= Randi Lunnan =

Randi Lunnan (born 1963) is a Norwegian organizational theorist, and Professor at the Department of Strategy of the BI Norwegian Business School, known for her work on international strategic alliances and management of international corporations.

== Life and work ==
Lunnan obtained her MSc in Economics in 1988 at the Norwegian School of Economics, where she continued her graduate studies. She studied for a year at Harvard University in 1996, and back at the Norwegian School of Economics she obtained her PhD in 1999 with the thesis entitled "Strategic Flexibility and Alliances".
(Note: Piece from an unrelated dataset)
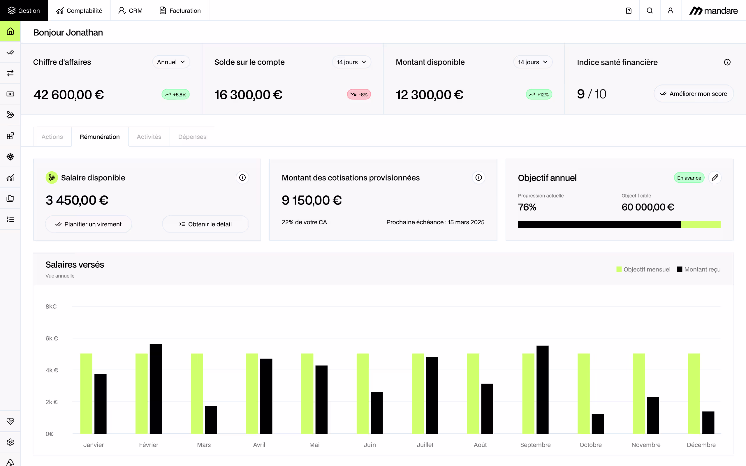 Mandare automatise votre comptabilité et rend vos indicateurs financiers accessibles en temps réel, pour une gestion claire, fluide et toujours conforme.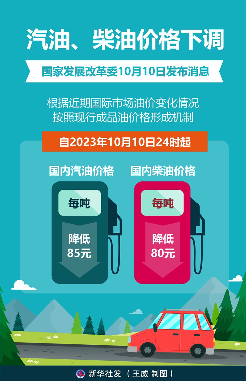 10月10日24時,新一輪成品油調價窗口開啟。國家發(fā)展改革委發(fā)布消息,根據近期國際市場油價變化情況,按照現(xiàn)行成品油價格形成機制,自2023年10月10日24時起,國內汽油、柴油價格每噸分別降低85元和80元。

After graduation Lunnan started her academic career in 1999 at BI Norwegian Business School as Associate Professor at the Department of Strategy and Logistics. She directed the MSc program in strategy and the MBA education in China. In 2008 she was appointed Full Professor.

Lunnan research interests are in the field of "strategic alliances and international organisation... [particularly] how alliances evolve over time, and specifically what affects the sharing of knowledge and rejuvenation of alliances."
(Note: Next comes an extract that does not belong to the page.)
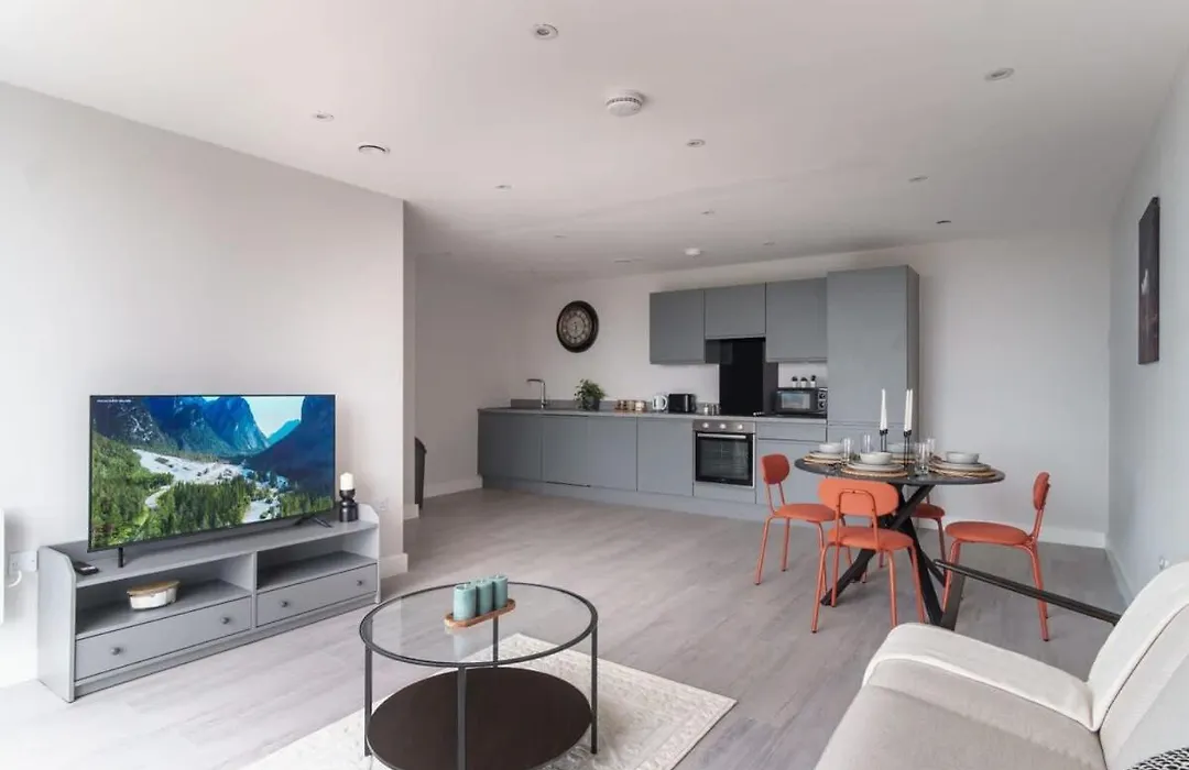 Fantastic 3 Bedroom Manchester Apartment ligger i Salford distriktet i Manchester og 20 km fra Manchester flyplassen. Denne innkvarteringen består av 2 soverom og 2 baderom.

== Selected publications ==
- Lunnan, Randi. Strategic Flexibility and Alliances. PhD thesis Norwegian School of Economics, 1999.

Articles, a selection:
- Lunnan, Randi, and Sven A. Haugland. "Predicting and measuring alliance performance: A multidimensional analysis." Strategic Management Journal 29.5 (2008): 545-556.
- Becerra, Manuel, Randi Lunnan, and Lars Huemer. "Trustworthiness, risk, and the transfer of tacit and explicit knowledge between alliance partners." Journal of Management Studies 45.4 (2008): 691-713.
- Benito, Gabriel R.G., Lunnan, Randi and Tomassen, Sverre, "Distant Encounters of the Third Kind: Multinational Companies Locating Divisional Headquarters Abroad", Journal of Management Studies, 48(2), 2011, 373-394.